Annette Seliger | Mo, 19. April 2021 - 08:48

Es ist schon erstaunlich mit welcher Hybris die Grünen hier an`s Werk gehen und wie die Medien diesen Unfug auch noch begleiten. Einmal sachlich: Deutschland hat einen Flächenanteil von 0,07% der Erde, und da wollen die das Klima regeln?! Man arbeitet bei dieser "Partei" gerne mit Bildern. Ähnlich so wie in den Kirchen des Mittelalters. Der Ablasshandel von damals heißt heute "C0² Steuer". Manche kasteien sich auch und verzichten auf Fleisch, wobei ein Hummer auf Malta in einem schönen Restaurant :)). Die begleitenden linken Medien zeigen gerne kalbende Eisberge und trockene Flüsse oder ziehen Vergleiche mit der Größe des Bodensees, wenn es um die Abholzung des Regenwaldes geht. Europa soll jährlich die 4 fache Fläche des Sees an Holz benötigen. Drama! Der Bodensee passt 725 mal in D und der Amazonaswald ist 18 mal so groß wie D. Im Vergleich: Man kann 18 mal von Flensburg nach Kiefersfelden fahren ohne diesen Wald nur einmal zu verlassen In 3.250 Jahren wäre er damit abgeholzt!
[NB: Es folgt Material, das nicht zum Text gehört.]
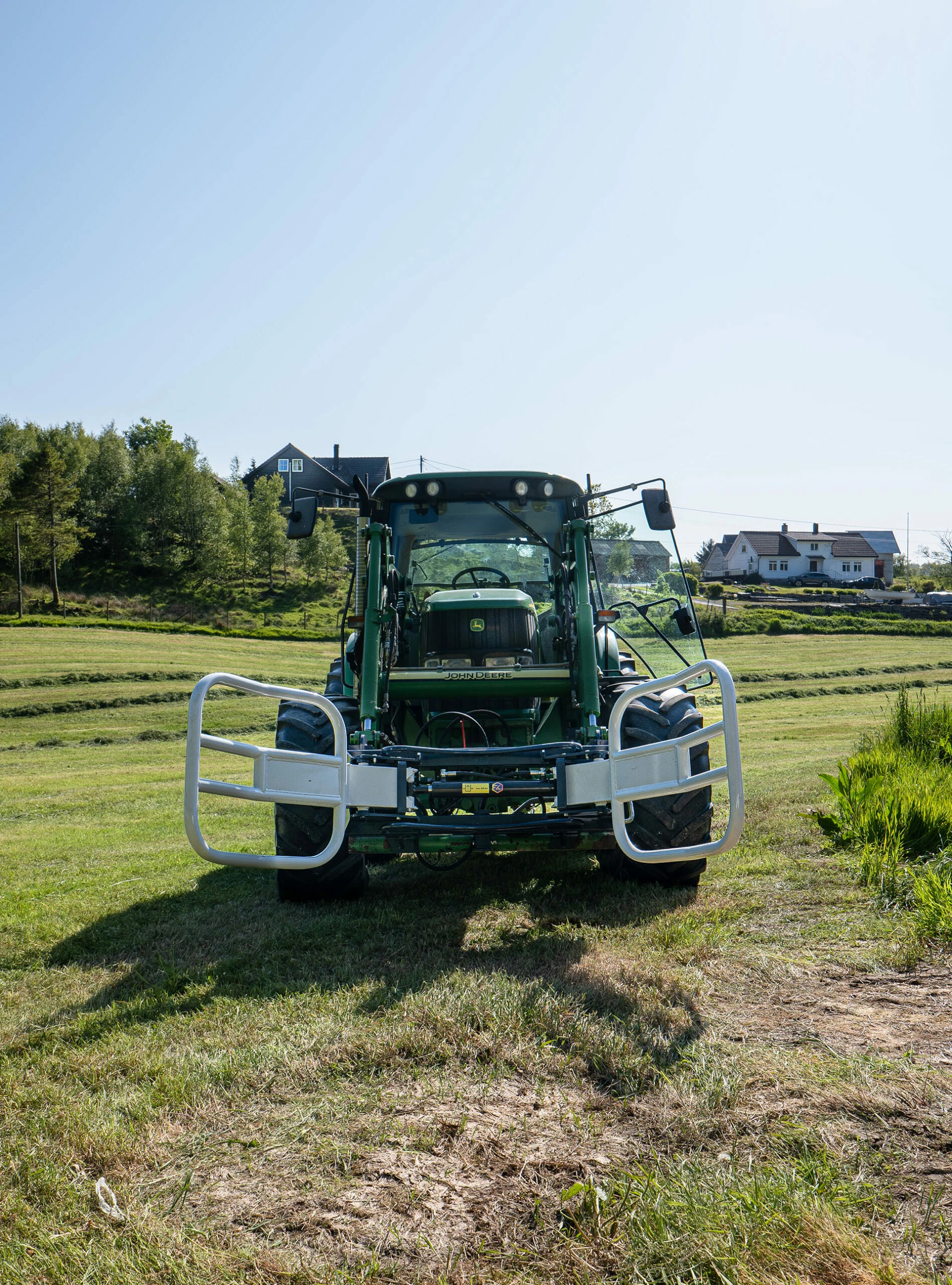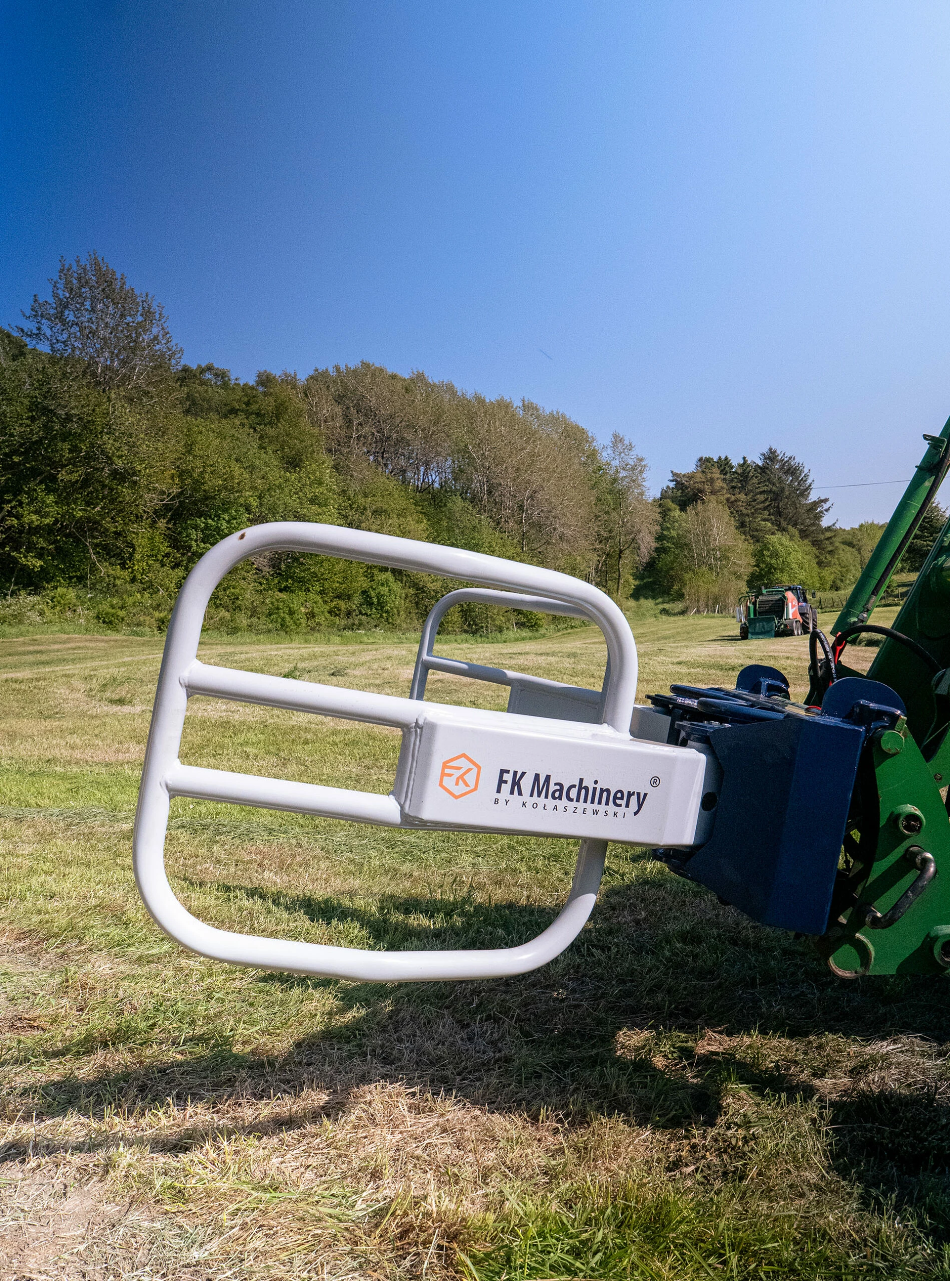 Rundballegripene med hydraulisk justering av klypene for skånsom frakting og transport av rundballer med plast. Kloen kan justeres loddrett og vanrett for enkelt å gripe rundballen uansett vinkel. Dette gjør det enkelt å håndtere rundballene uansett posisjon. USBG er et kvalitetens redskap levert av FK Machinery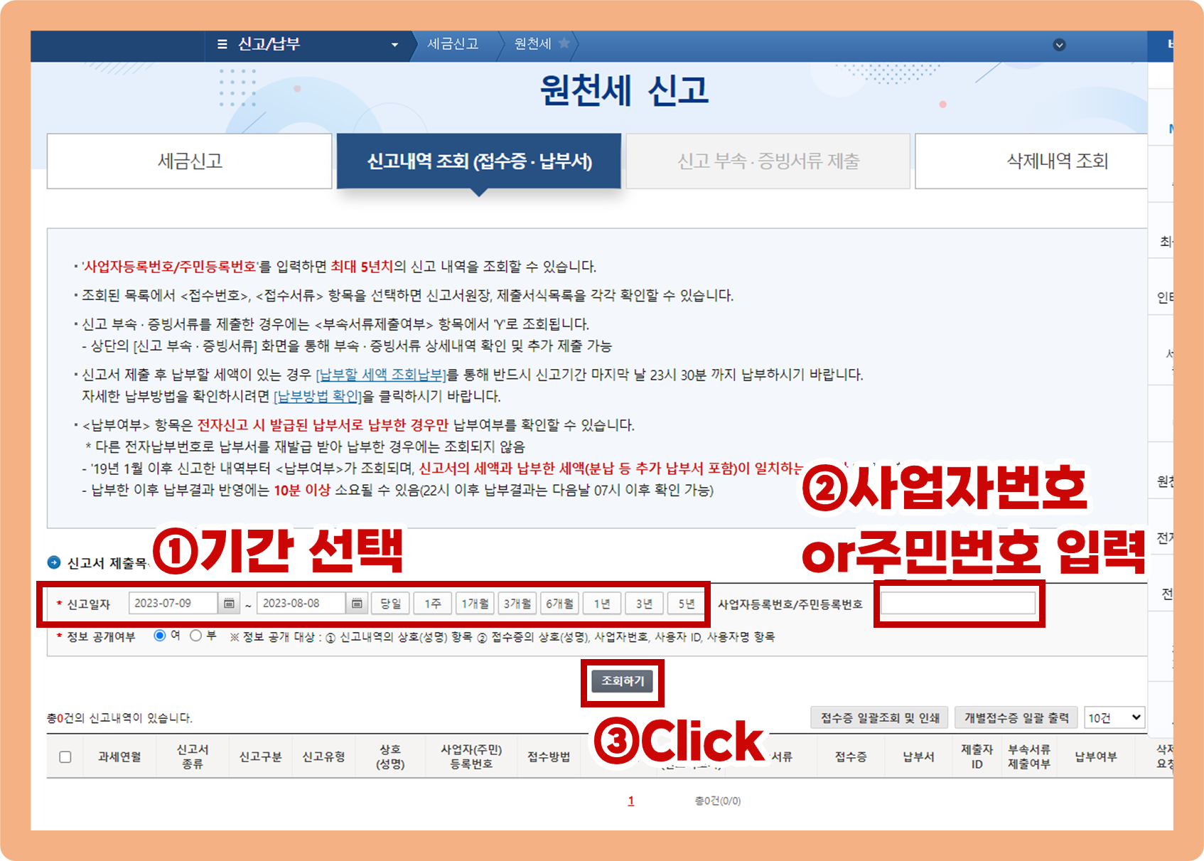조회를 원하는 기간 선택 후 사업자등록번호 또는 주민등록번호 입력해주시구요.
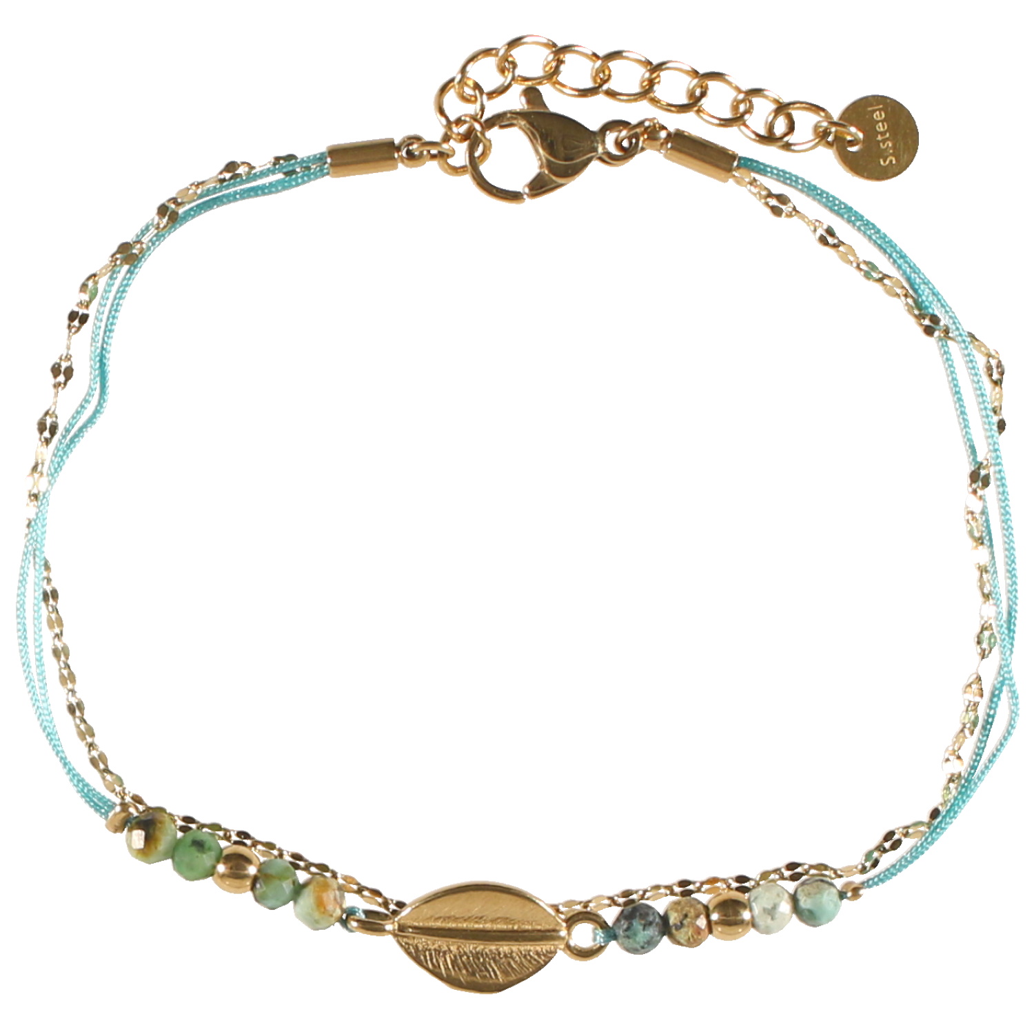 Bracelet double rangs composé d'une chaîne en acier doré, un cordon de coton avec perles en pierre naturelle et une feuille en acier doré.

W.D. Hohe | Mo, 19. April 2021 - 14:55

ist das zuviel an/von -
dessen Bevölkerung -
damit einhergehenden zuviel von Allem -
Verbrauch des Wenigen
( 1 Fleischkalorie = Produktfaktor x5(mindestens)
subventioniertem Export in Entwicklungsländer
Verhinderung dortiger Entwicklung
Kindern von denen 50% kaum zu essen haben Verbrauch an Wasser Luft und Boden =
= unseren Ernährungsgrundlagen

Eines fernen Tages fragt sich eine ferne Expedition bei Entdeckung/Untersuchung dieses Planeten was eine ehemalige Bevölkerung an Zeichnungen mit gelben Enten so lustig fand.